Schedule Tuesdays Noon - 2PM Eastern Time
Location Remote



Presentations
Ana Diaz Rivero (Harvard)
Sep 1 2020
Zoom
Flow-based Likelihoods for Non-Gaussian Inference
Abstract: We investigate the use of data-driven likelihoods to bypass a key assumption made in many scientific analyses, which is that the true likelihood of the data is Gaussian. In particular, we suggest using the optimization targets of flow-based generative models, a class of models that can capture complex distributions by transforming a simple base distribution through layers of nonlinearities. We call these flow-based likelihoods (FBL). We analyze the accuracy and precision of the reconstructed likelihoods on mock Gaussian data, and show that simply gauging the quality of samples drawn from the trained model is not a sufficient indicator that the true likelihood has been learned. We nevertheless demonstrate that the likelihood can be reconstructed to a precision equal to that of sampling error due to a finite sample size. We then apply FBLs to mock weak lensing convergence power spectra, a cosmological observable that is significantly non-Gaussian (NG). We find that the FBL captures the NG signatures in the data extremely well, while other commonly-used data-driven likelihoods, such as Gaussian mixture models and independent component analysis, fail to do so. This suggests that works that have found small posterior shifts in NG data with data-driven likelihoods such as these could be underestimating the impact of non-Gaussianity in parameter constraints. By introducing a suite of tests that can capture different levels of NG in the data, we show that the success or failure of traditional data-driven likelihoods can be tied back to the structure of the NG in the data. Unlike other methods, the flexibility of the FBL makes it successful at tackling different types of NG simultaneously. Because of this, and consequently their likely applicability across datasets and domains, we encourage their use for inference when sufficient mock data are available for training.

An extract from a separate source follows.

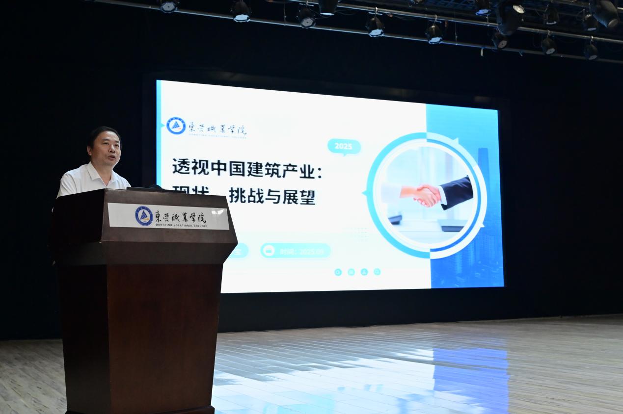 智能建造工程学院副院长张传宝以《透视中国建筑产业:现状、挑战与展望》为题作报告。他指出,建筑业正处于转型关键期,面临市场存量提质、数字化应用不足等挑战,并提出数字化转型、产业链整合、拓展绿色领域等破局路径,为新生职业生涯规划指明方向。

Presentation Slides [.pdf]
Reference: arXiv:2007.05535 [arXiv]
 
Herman Marshall (MIT) & Yang Chen (Michigan)
Sep 8 2020
Zoom
Concordance: In-flight Calibration of X-ray Telescopes without Absolute References
Abstract: We describe a process for cross-calibrating the effective areas of X-ray telescopes that observe common targets. The targets are not assumed to be ``standard candles'' in the classic sense, in that the only prior placed on the source fluxes is that these fluxes have true but unknown values. Using a technique developed by Chen et al. (2019) that involves a statistical method called shrinkage, we determine effective area correction factors for each instrument that brings estimated fluxes into the best agreement, consistent with prior knowledge of their effective areas. We expand the technique to allow unique priors on systematic uncertainties in effective areas for each X-ray astronomy instrument and to allow correlations between effective areas in different energy bands. We demonstrate the method with several data sets from various X-ray telescopes.
Presentation slides: Herman Marshall; Yang Chen [.pdf]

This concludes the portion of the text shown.